About the Team/Role
We are looking for a highly motivated and high-potential mid-level Site Reliability Engineer (SRE) to join our team and help drive meaningful business impact while accelerating your growth as a reliability leader.
This is an exciting time to be part of the SRE evolution at WEX. Our complex systems and diverse product portfolio power a wide variety of customer businesses, generating rich operational and telemetry data across platforms and environments. As we scale, the need for resilient, observable, and efficient systems is greater than ever.
As a mid-level SRE, you’ll play a key role in shaping and building the next generation of WEX’s reliability practices, platforms, and tools. You’ll contribute to driving improvements across monitoring, alerting, performance optimization, incident response, and capacity management.
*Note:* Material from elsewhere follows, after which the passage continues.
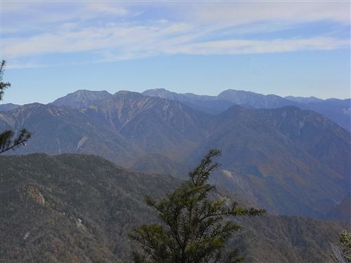 山頂手前でもう一度大きく展望が開ける。南ア深南部の山々が広がっている。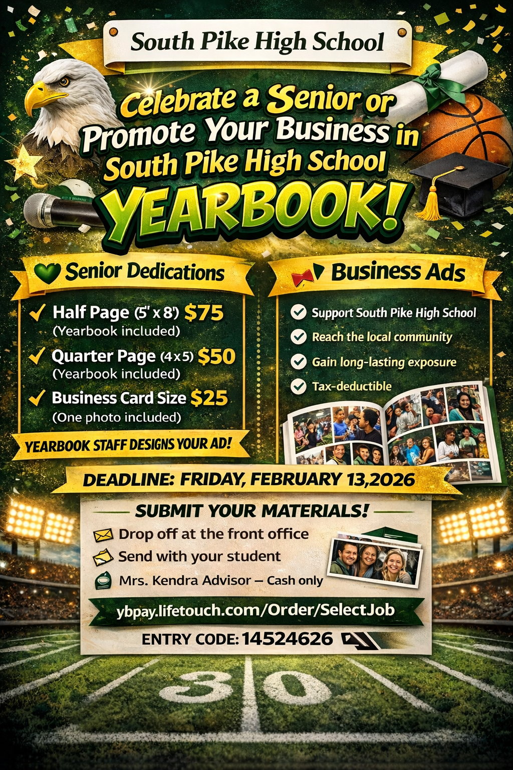 π Capture the memories of South Pike High School with our exclusive yearbook! Order yours for just $41 at https://ybpay.lifetouch.com/Order/SelectJob using school code 14524626. Last day to order is April 1, 2026. Celebrate your senior with a dedication ad, or promote your business to our community. Ads range from $25 to $75, some including a yearbook. Submit your message and photos by February 13, 2026, and our staff will design your ad! For business ads, contact Mrs. Kendra Fortenberry at 601-783-0420 or [email protected]. Donβt miss out! π

You’ll also help reduce operational toil through automation and proactive engineering, while partnering closely with engineering and product teams to embed reliability into everything we build.
We take a modern approach to engineering—leveraging agile practices, a product-oriented mindset, and a strong focus on innovation, including the use of AI and automation to enhance observability and response.
You’ll face meaningful challenges that have significant impact, and be part of a high-performing team with experienced engineers and leaders ready to support your continued development.
If you're passionate about reliability, solving hard problems, and growing fast in a high-impact environment, this is a great opportunity for you!
How you’ll make an impact
Monitor and manage system health, availability, and performance of WEX’s Microsoft Azure Cloud ecosystem.
Actively identify and reduce “toil” (manual, repetitive work) by developing and maintaining automation tools
Participate in on-call rotations and respond to system alerts and incidents.
Collaborate with development teams to implement reliability-focused features.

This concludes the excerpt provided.